■ EXERCISE
Please return each entry that follows exactly as written, and keep the pictures out.

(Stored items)
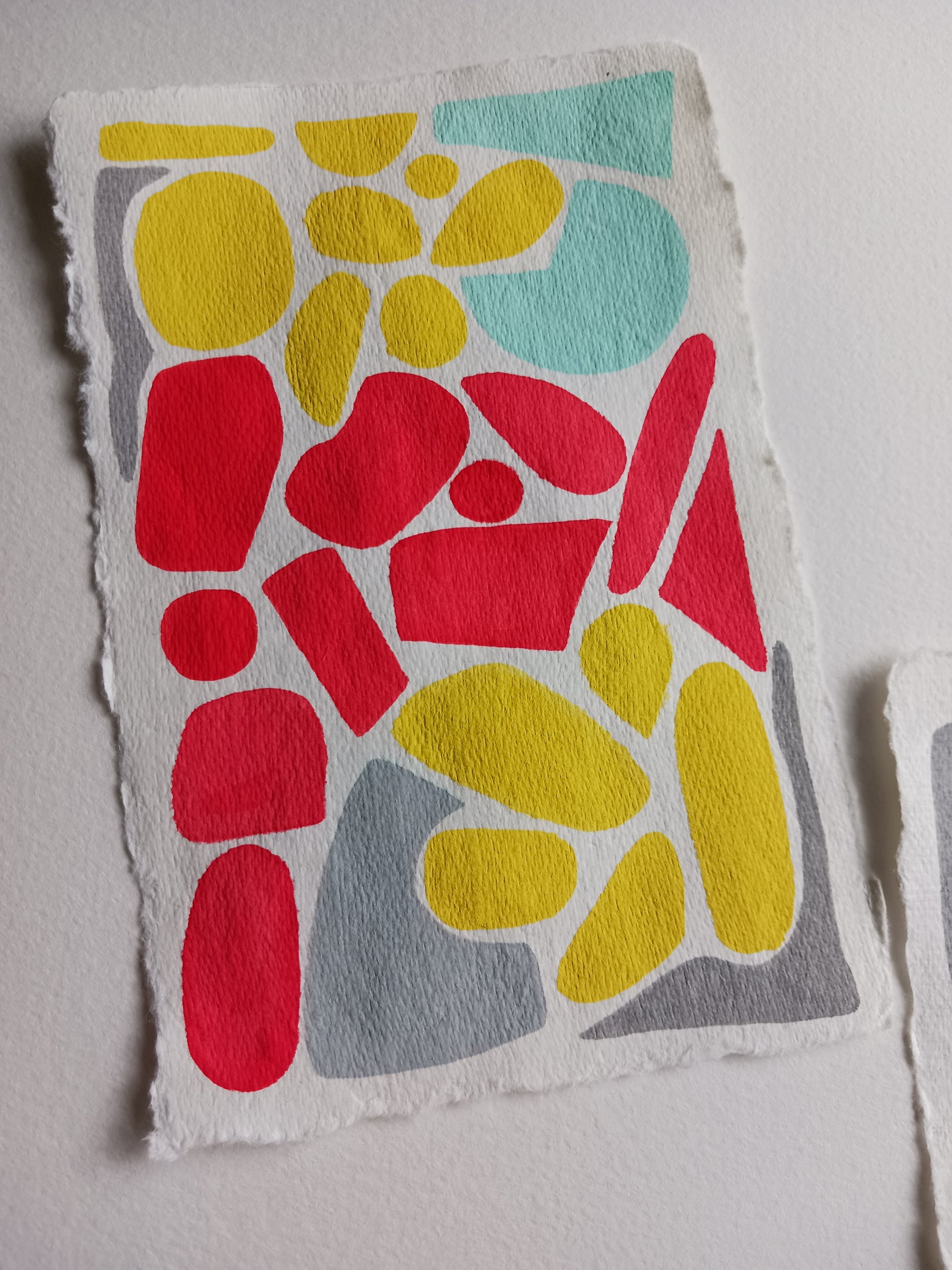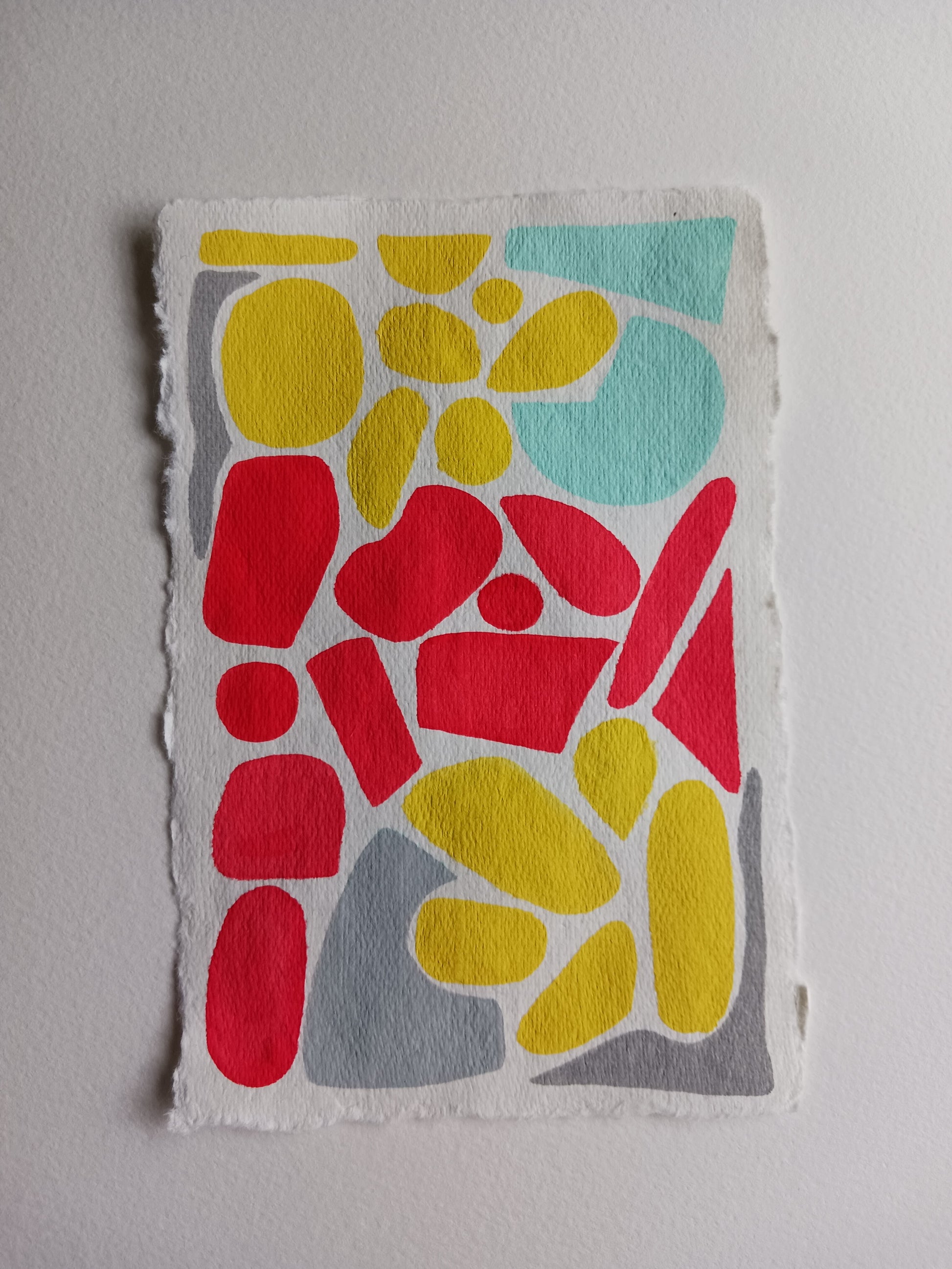 This lively color study painting bursts with vibrant free forms that dance across beautifully textured handmade paper with charming deckle edges, inviting you to explore a whimsical adventure of color and delightful experimentation!
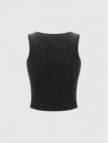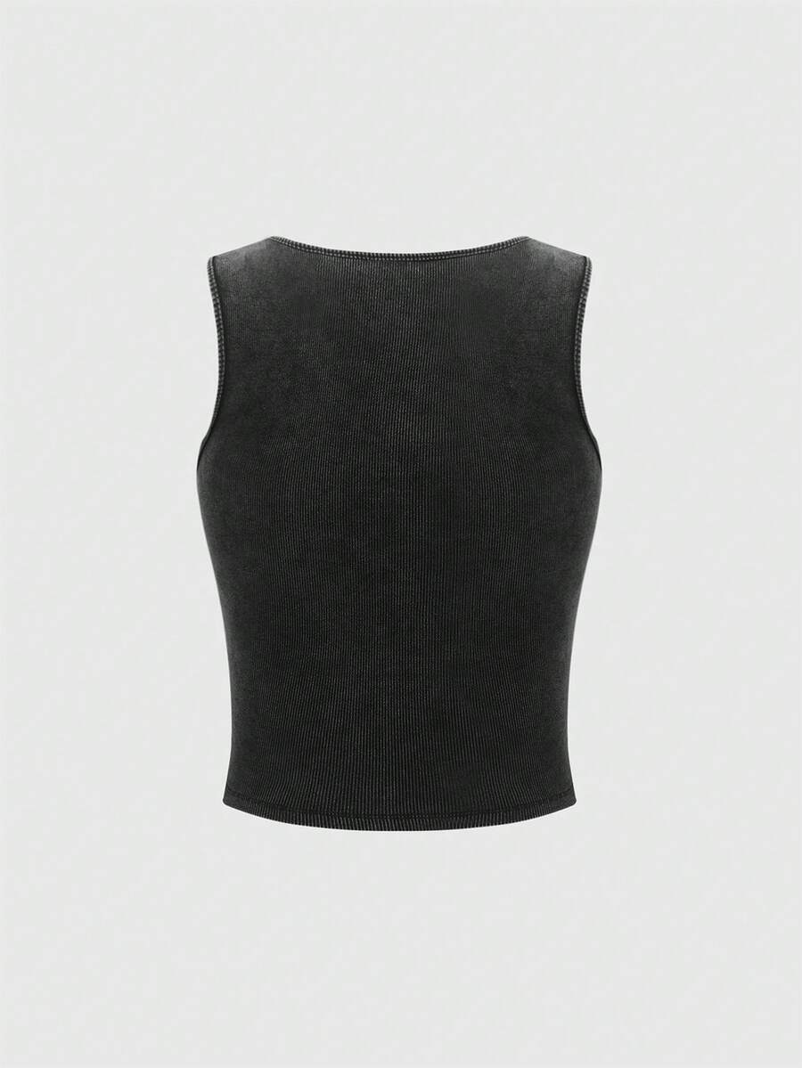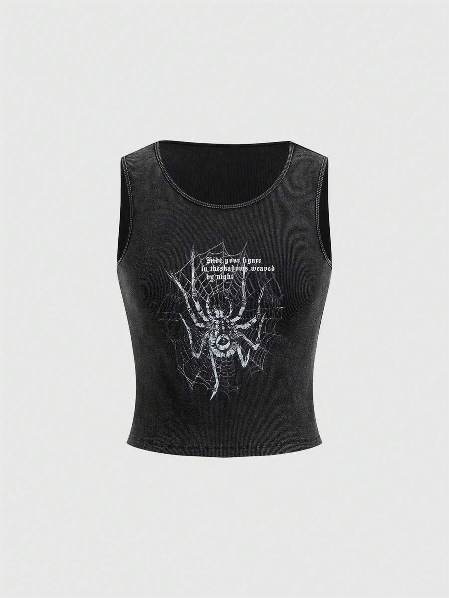 Grunge Punk Women's Cool Street Style Spider & Slogan Print Distressed Snow Wash Ribbed Tight Waist Camisole Top
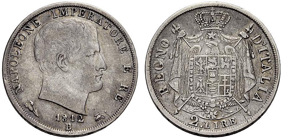 Bologna. Napoleone I, imperatore dei francesi e re d’Italia, 1805-1814. Da 2 lire 1812. Pagani 54a. Raro. Leggera patina, BB
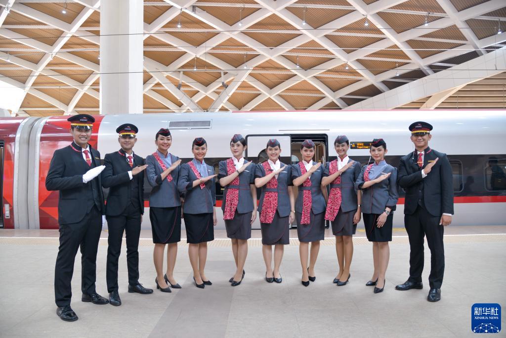 10月2日,在印度尼西亚雅加达哈利姆高铁站,乘务人员在站台上摆出寓意“快速”的手势和雅万高铁动车组合影。新华社记者 徐钦 摄
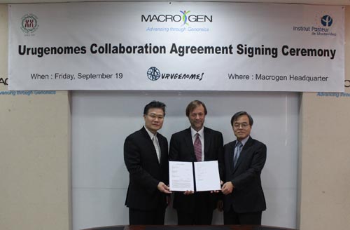 생명공학기업 마크로젠(대표이사 김형태)은 서울대학교 의과대학 유전체의학연구소(Genomic Medicine Institute, 소장 서정선 교수)와 우루과이 파스퇴르연구소(Institute Pasteur de Montevideo, 소장 루이스 바베이토)와 공동으로 우루과이 게놈 프로젝트 진행한다고 19일 밝혔다.
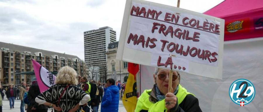 Rouge à lèvre framboise et gilet jaune sur le dos, Josy, elle, n’en est pas à sa première manifestation. Elle lit son panneau : “je suis mamie en colère”. Puis elle nous explique : “moi, je suis en colère, même enragée parce que je trouve que la retraite à 64 ans, ce n’est pas normal ! J’ai des petits enfants, je manifeste pour eux et pour les autres aussi !”. La chambérienne est retraitée depuis 20 ans et se souvient très bien de ses dernières années en tant qu’employée dans un centre commercial. “Vraiment, je ne peux même pas en parler parce que là-bas c’était une jungle. C’était plus que difficile puisque les entreprises ne voulaient plus des vieux donc ils nous poussaient tous vers la sortie”, se souvient-elle. Puis elle conclut : “de toute façon, les patrons ne veulent pas des vieux. Et il faut savoir qu’à 50 ans, on est vieux pour un patron !”. Josy n’a pas écouté Emmanuel Macron ce mercredi 22 mars, et elle assure que l’utilisation du 49.3 par le gouvernement a renforcé sa colère.
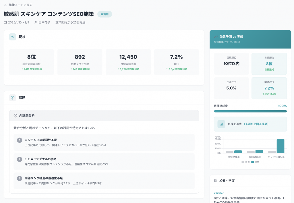画面右側に表示されている「効果予測 vs 実績」では、施策提案時に予測していた数字と実際の現状数値を比較することができ、目標の達成度を確認できます。予測を上回る成果が出ている場合は、100%と表示されます。
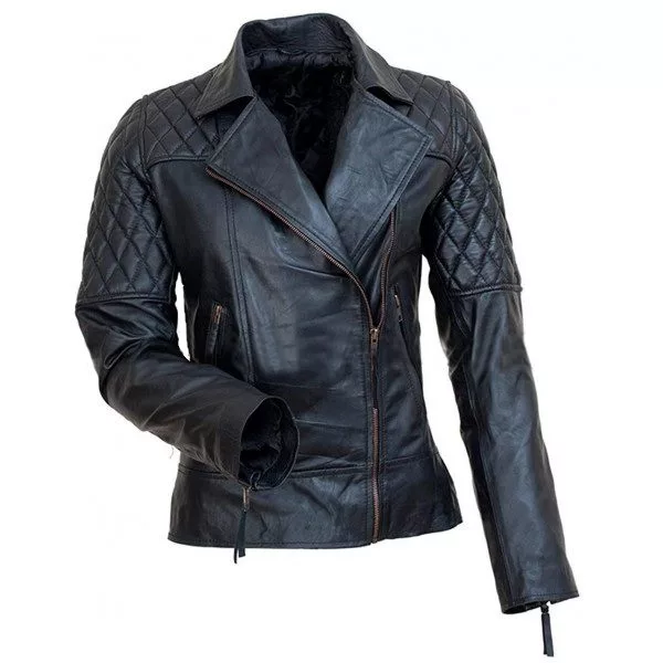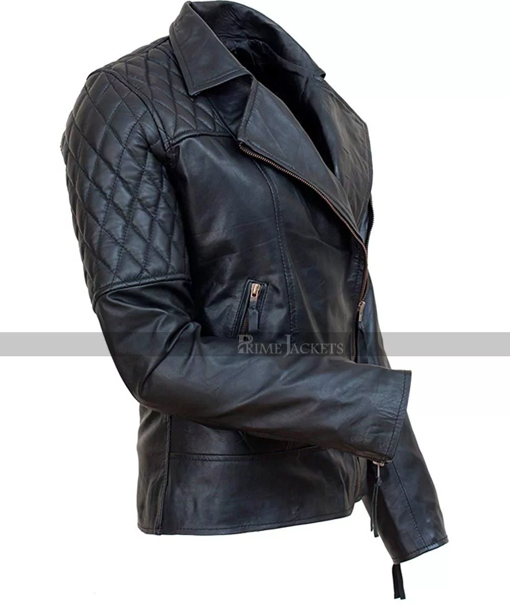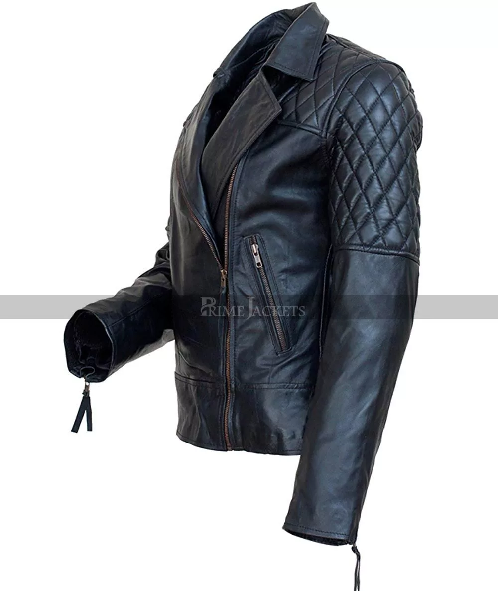 Ornament your personality with this classic piece of leather from the style roster of the beautiful Canadian singer Avril Lavigne. The jacket is fantastically created with premium leather to satisfy the taste palate of all female fashion mongers. With its captivating black quilted pattern at front and backside; the jacket denotes all design elements added with high attention to details. It has a captivating lapel style collar and a full front asymmetric zippered closure. There are two zippered pockets on both side and sleeves are trimmed in an appealing silhouette with zippers at cuffs. Enjoy a refined, tasteful appearance at the fullest and add this stunning leather wear into your closet right now.

■ EXERCISE SOLUTION
 This lively color study painting bursts with vibrant free forms that dance across beautifully textured handmade paper with charming deckle edges, inviting you to explore a whimsical adventure of color and delightful experimentation!
 Grunge Punk Women's Cool Street Style Spider & Slogan Print Distressed Snow Wash Ribbed Tight Waist Camisole Top
 Bologna. Napoleone I, imperatore dei francesi e re d’Italia, 1805-1814. Da 2 lire 1812. Pagani 54a. Raro. Leggera patina, BB
 10月2日,在印度尼西亚雅加达哈利姆高铁站,乘务人员在站台上摆出寓意“快速”的手势和雅万高铁动车组合影。新华社记者 徐钦 摄
 생명공학기업 마크로젠(대표이사 김형태)은 서울대학교 의과대학 유전체의학연구소(Genomic Medicine Institute, 소장 서정선 교수)와 우루과이 파스퇴르연구소(Institute Pasteur de Montevideo, 소장 루이스 바베이토)와 공동으로 우루과이 게놈 프로젝트 진행한다고 19일 밝혔다.
 Rouge à lèvre framboise et gilet jaune sur le dos, Josy, elle, n’en est pas à sa première manifestation. Elle lit son panneau : “je suis mamie en colère”. Puis elle nous explique : “moi, je suis en colère, même enragée parce que je trouve que la retraite à 64 ans, ce n’est pas normal ! J’ai des petits enfants, je manifeste pour eux et pour les autres aussi !”. La chambérienne est retraitée depuis 20 ans et se souvient très bien de ses dernières années en tant qu’employée dans un centre commercial. “Vraiment, je ne peux même pas en parler parce que là-bas c’était une jungle. C’était plus que difficile puisque les entreprises ne voulaient plus des vieux donc ils nous poussaient tous vers la sortie”, se souvient-elle. Puis elle conclut : “de toute façon, les patrons ne veulent pas des vieux. Et il faut savoir qu’à 50 ans, on est vieux pour un patron !”. Josy n’a pas écouté Emmanuel Macron ce mercredi 22 mars, et elle assure que l’utilisation du 49.3 par le gouvernement a renforcé sa colère.
画面右側に表示されている「効果予測 vs 実績」では、施策提案時に予測していた数字と実際の現状数値を比較することができ、目標の達成度を確認できます。予測を上回る成果が出ている場合は、100%と表示されます。
 Ornament your personality with this classic piece of leather from the style roster of the beautiful Canadian singer Avril Lavigne. The jacket is fantastically created with premium leather to satisfy the taste palate of all female fashion mongers. With its captivating black quilted pattern at front and backside; the jacket denotes all design elements added with high attention to details. It has a captivating lapel style collar and a full front asymmetric zippered closure. There are two zippered pockets on both side and sleeves are trimmed in an appealing silhouette with zippers at cuffs. Enjoy a refined, tasteful appearance at the fullest and add this stunning leather wear into your closet right now.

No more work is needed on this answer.